Best Time To Buy Sell Stocks

Definition

Definition

Problem of finding the maximum profit from buying and selling stocks at the right times

Explanation

To find the best time to buy and sell stocks, start by initializing variables to track the minimum stock price and maximum profit. Then, go through each day's stock price, updating the minimum price encountered so far. Calculate the potential profit if selling at the current price and update the maximum profit if this exceeds the current maximum. Finally, return the maximum profit found

Guidance

Detailed Description

Say you have an array prices for which the i-th element is the price of a given stock on day i. Find the maximum profit. You may complete as many transactions as you like (i.e., buy one and sell one share of the stock multiple times).

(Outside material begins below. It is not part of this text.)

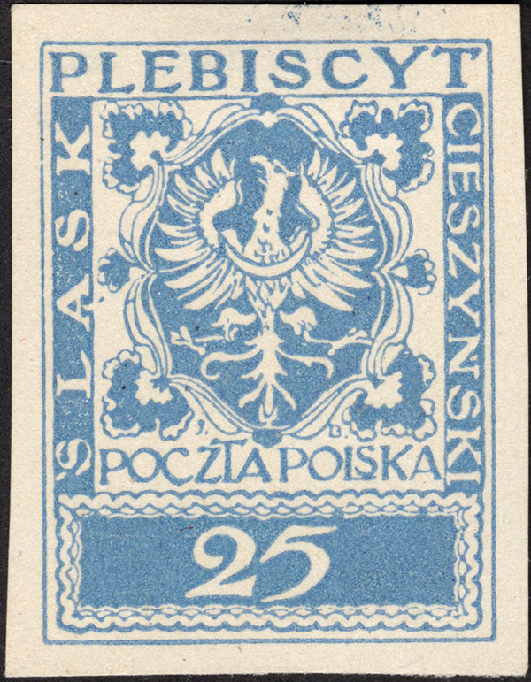 1920 wydanie Polskiej Rady Narodowej dla Księstwa Cieszyńskiego, nie wprowadzony do obiegu znaczek opłaty za 25 hal. w barwie błękitnoniebieskiej na papierze białym gładkim średnim, wzór "herb Śląska Cieszyńskiego" projektu prof. J. Bukowskiego, odmiana II z przerwaną ramką pod literą L słowa PLEBISCYT, podlepka, gwarancja i oznaczenie Walocha. | Fi.VIx1 |
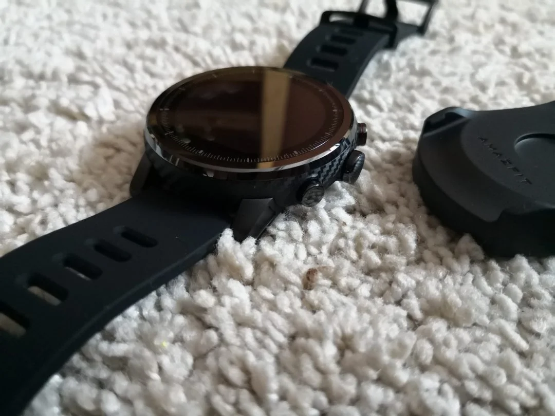 A nemes anyagok használata nem merül ki az üvegnél, hisz a kerámia igazán jó karcálló képességekkel rendelkezik és a töréstől sem igazán kell tartanunk, én már rengeteg alkalommal csaptam oda a saját órámat, de még mindig újszerű állapotban van. A három gomb rozsdamentes acél, a ház pedig maradt műanyag, de karbon textúra feldobja, szerintem jobban néz ki, mint az előd, bár picit vastagodott.

Note: You may not engage in multiple transactions at the same time (i.e., you must sell the stock before you buy again).

Example #1

Input: [7, 1, 5, 3, 6, 4]
Output: 7

Explanation: Buy on day 2 (price = 1) and sell on day 3 (price = 5), profit = 5 - 1 = 4. Then buy on day 4 (price = 3) and sell on day 5 (price = 6), profit = 6 - 3 = 3.

Example #2

Input: [1, 2, 3, 4, 5]
Output: 4

Explanation: Buy on day 1 (price = 1) and sell on day 5 (price = 5), profit = 5 - 1 = 4. Note that you cannot buy on day 1, buy on day 2 and sell them later, as you are engaging multiple transactions at the same time. You must sell before buying again.

Example #3

Input: [7, 6, 4, 3, 1]
Output: 0

Explanation: In this case, no transaction is done, i.e. max profit = 0.

Examples

Divide and Conquer

Complexity: Time: O(2n) Space: O(n)

Using a divide and conquer approach, we can exhaustively explore all buying and selling combinations to find the most profitable one. For instance, given an array of prices like [7, 6, 4, 3, 1], at each step, we decide whether to keep the money or buy/sell at the current price, recursively considering the remaining stocks.

Peak Valley

Complexity: Time: O(n) Space: O(1)

If we plot the prices array [7, 1, 5, 3, 6, 4] we may notice that the points of interest are the consecutive valleys and peaks

Accumulator

Complexity: Time: O(n) Space: O(1)

With prices array [1, 7, 2, 3, 6, 7, 6, 7] we may notice that we don't need to keep track of all the points of interest. Instead, we may simply add the price difference for all growing segments of the chart which eventually sums up to the highest possible profit

Tips

• ensure the algorithm handles edge cases like an empty list of stock prices
• emphasize efficiency to handle large datasets efficiently
• utilize dynamic programming to optimize time complexity

Practice

Practice

function maxProfit(prices):
  if prices is empty:
    return 0

  min_price = infinity
  max_profit = 0

  for price in prices:
    min_price = min(min_price, price)
    potential_profit = price - min_price
    max_profit = max(max_profit, potential_profit)

  return max_profit

Solution

package main

import (
	"math"
)

func maxProfitDC(prices []int) int {
	return maxProfitHelper(prices, 0, len(prices)-1)
}

func maxProfitHelper(prices []int, start, end int) int {
	if start >= end {
		return 0
	}

	mid := start + (end-start)/2

	leftProfit := maxProfitHelper(prices, start, mid)
	rightProfit := maxProfitHelper(prices, mid+1, end)
	crossProfit := maxCrossProfit(prices, start, mid, end)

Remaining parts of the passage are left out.